— REQUIRED WORK —
Apart from the pictures, please restate every entry below exactly.

— DATA TO EXAMINE —
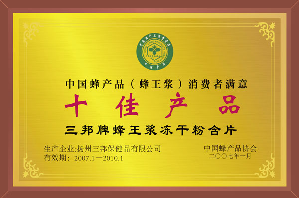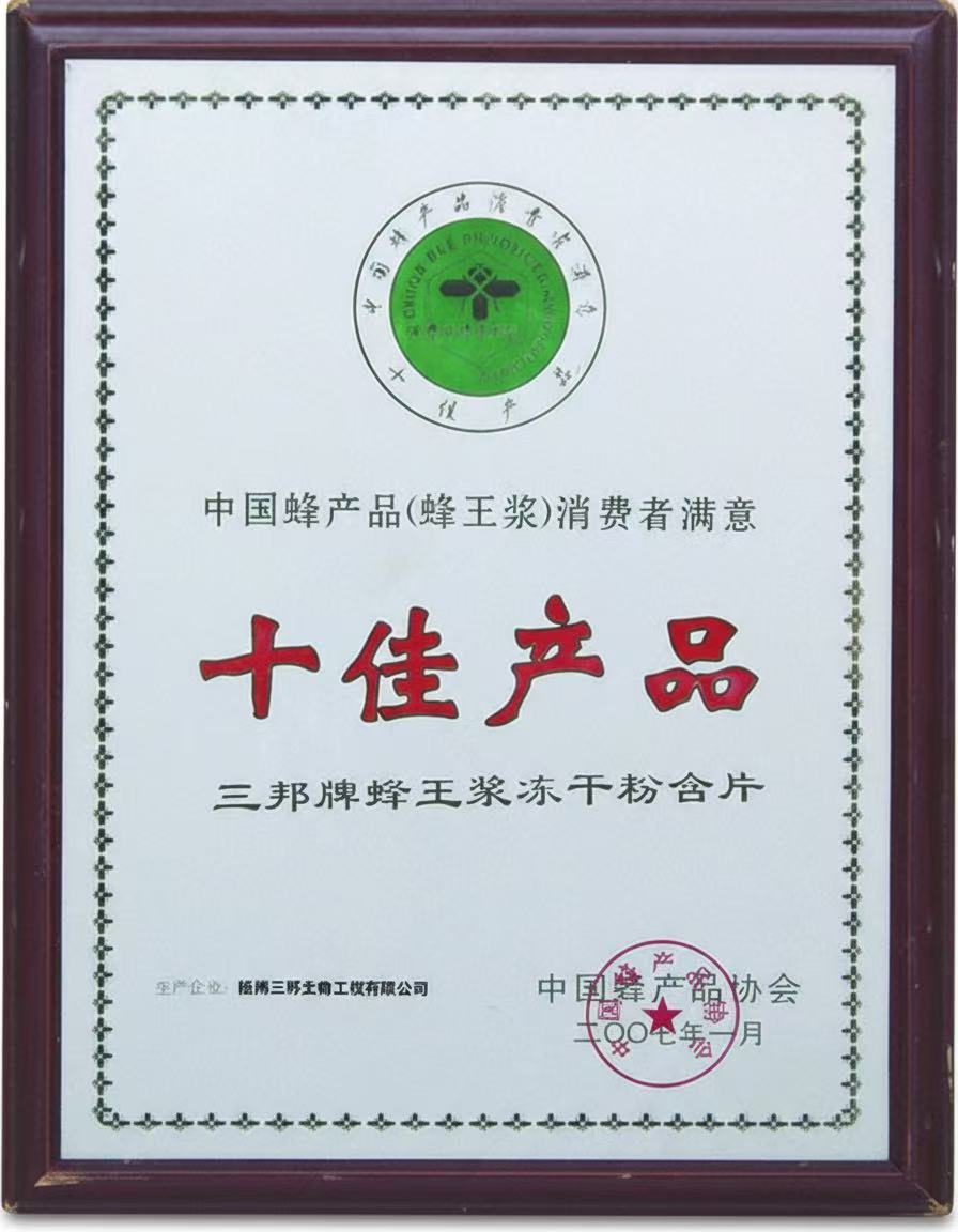 中國蜂產(chǎn)品消費者滿意十佳產(chǎn)品
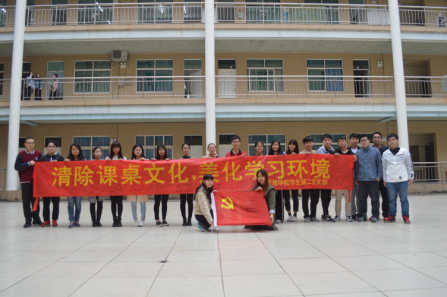 活动开始,首先对6栋303A、303B课室桌面乱涂乱画的“课桌文化”进行清理。“课桌文化”是一种陋习、不文明行为。通过以6栋303A、303B课室为试点,向同学们传达清除课桌文化、爱护公共财产、美化学习环境的信号。
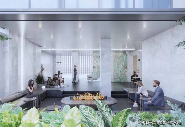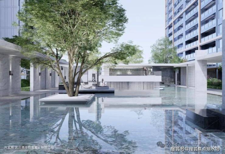 松弛感:中心“水瀑光院”水波荡漾,心绪自轻松
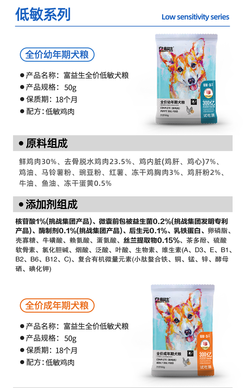 【9.9到手6件】富益生 狗狗尝鲜礼包 狗狗零食汤罐头170g*1+狗粮试吃50g*5
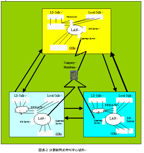 。。對(duì)于獨(dú)立或集中式呼叫中心而言,來電通常不能被自由地在該類型的呼叫中心之間轉(zhuǎn)接與信息共享。對(duì)于每一個(gè)獨(dú)立式呼叫中心而言,都擁有同樣的語音及數(shù)據(jù)基礎(chǔ)架構(gòu),他們彼此間的唯一區(qū)別就是支持來話的能力,或者說規(guī)模的不同,以及所處地理位置的不同。為了顧客方便的需要,這種類型的呼叫中心通常被建在人口眾多,經(jīng)濟(jì)相對(duì)比較發(fā)達(dá)的大城市。同時(shí),這些大城市中擁有非常巨大的潛在消費(fèi)人群和客戶。坐落在這些大城市或距大城市很近的呼叫中心,每日處理大量來自于當(dāng)?shù)氐碾娫。因此,呼叫中心要減少來自于800號(hào)企業(yè)負(fù)擔(dān)的電話通訊費(fèi)用。此外,在大城市及其周圍也為呼叫中心提供了大量的勞動(dòng)力資源。而呼叫中心所需的維修支持與其他相關(guān)設(shè)備的供應(yīng)商通常也集中在這些區(qū)域,保證了對(duì)其服務(wù)的快速響應(yīng)。
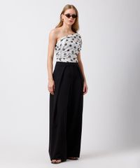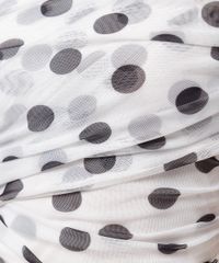 Blusa feminina confeccionada em tule de malha com estampa poá. A peça tem modelagem ombro único, com construção reta, caimento ajustado ao corpo com franzidos laterais que modelam a silhueta. O modelo tem decote assimétrico e alça larga franzida. Possui forro em malha.
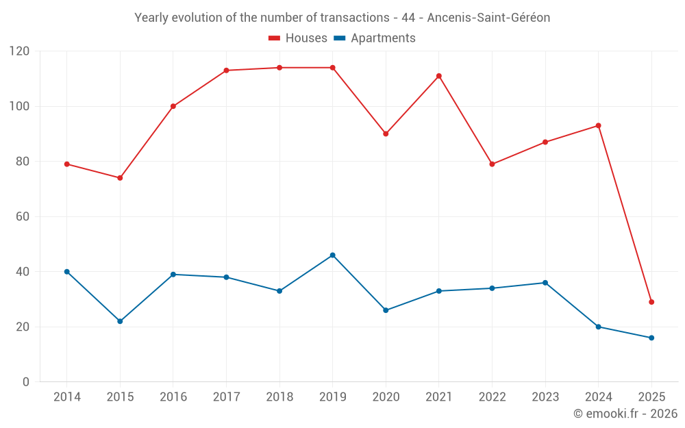 The median price on the 29 house transactions of the last 6 months in the municipality of Ancenis-Saint-Géréon was 2 252 € per square meter for a median property value of 250 000 €. Over this period, 60% of transactions were between 1 674 and 2 824 € per square meter (from the 2nd to the 8th deciles).
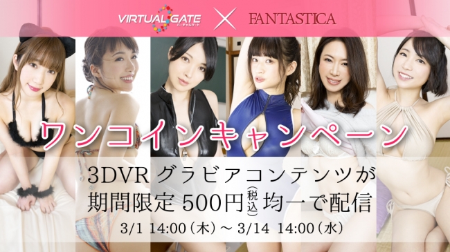 施設設置型VRコンテンツプラットフォーム「VIRTUAL GATE」を展開するテクノブラッドは、グラジオラスが提供するFANTASTICAの3DVRグラビア作品を期間限定でトライアル版を除く全作品が500円均一のワンコインキャンペーンを開始した。

— RESPONSE TO THIS EXERCISE —
 中國蜂產(chǎn)品消費者滿意十佳產(chǎn)品
 活动开始,首先对6栋303A、303B课室桌面乱涂乱画的“课桌文化”进行清理。“课桌文化”是一种陋习、不文明行为。通过以6栋303A、303B课室为试点,向同学们传达清除课桌文化、爱护公共财产、美化学习环境的信号。
 松弛感:中心“水瀑光院”水波荡漾,心绪自轻松
 【9.9到手6件】富益生 狗狗尝鲜礼包 狗狗零食汤罐头170g*1+狗粮试吃50g*5
 。。對(duì)于獨(dú)立或集中式呼叫中心而言,來電通常不能被自由地在該類型的呼叫中心之間轉(zhuǎn)接與信息共享。對(duì)于每一個(gè)獨(dú)立式呼叫中心而言,都擁有同樣的語音及數(shù)據(jù)基礎(chǔ)架構(gòu),他們彼此間的唯一區(qū)別就是支持來話的能力,或者說規(guī)模的不同,以及所處地理位置的不同。為了顧客方便的需要,這種類型的呼叫中心通常被建在人口眾多,經(jīng)濟(jì)相對(duì)比較發(fā)達(dá)的大城市。同時(shí),這些大城市中擁有非常巨大的潛在消費(fèi)人群和客戶。坐落在這些大城市或距大城市很近的呼叫中心,每日處理大量來自于當(dāng)?shù)氐碾娫。因此,呼叫中心要減少來自于800號(hào)企業(yè)負(fù)擔(dān)的電話通訊費(fèi)用。此外,在大城市及其周圍也為呼叫中心提供了大量的勞動(dòng)力資源。而呼叫中心所需的維修支持與其他相關(guān)設(shè)備的供應(yīng)商通常也集中在這些區(qū)域,保證了對(duì)其服務(wù)的快速響應(yīng)。
 Blusa feminina confeccionada em tule de malha com estampa poá. A peça tem modelagem ombro único, com construção reta, caimento ajustado ao corpo com franzidos laterais que modelam a silhueta. O modelo tem decote assimétrico e alça larga franzida. Possui forro em malha.
 The median price on the 29 house transactions of the last 6 months in the municipality of Ancenis-Saint-Géréon was 2 252 € per square meter for a median property value of 250 000 €. Over this period, 60% of transactions were between 1 674 and 2 824 € per square meter (from the 2nd to the 8th deciles).
 施設設置型VRコンテンツプラットフォーム「VIRTUAL GATE」を展開するテクノブラッドは、グラジオラスが提供するFANTASTICAの3DVRグラビア作品を期間限定でトライアル版を除く全作品が500円均一のワンコインキャンペーンを開始した。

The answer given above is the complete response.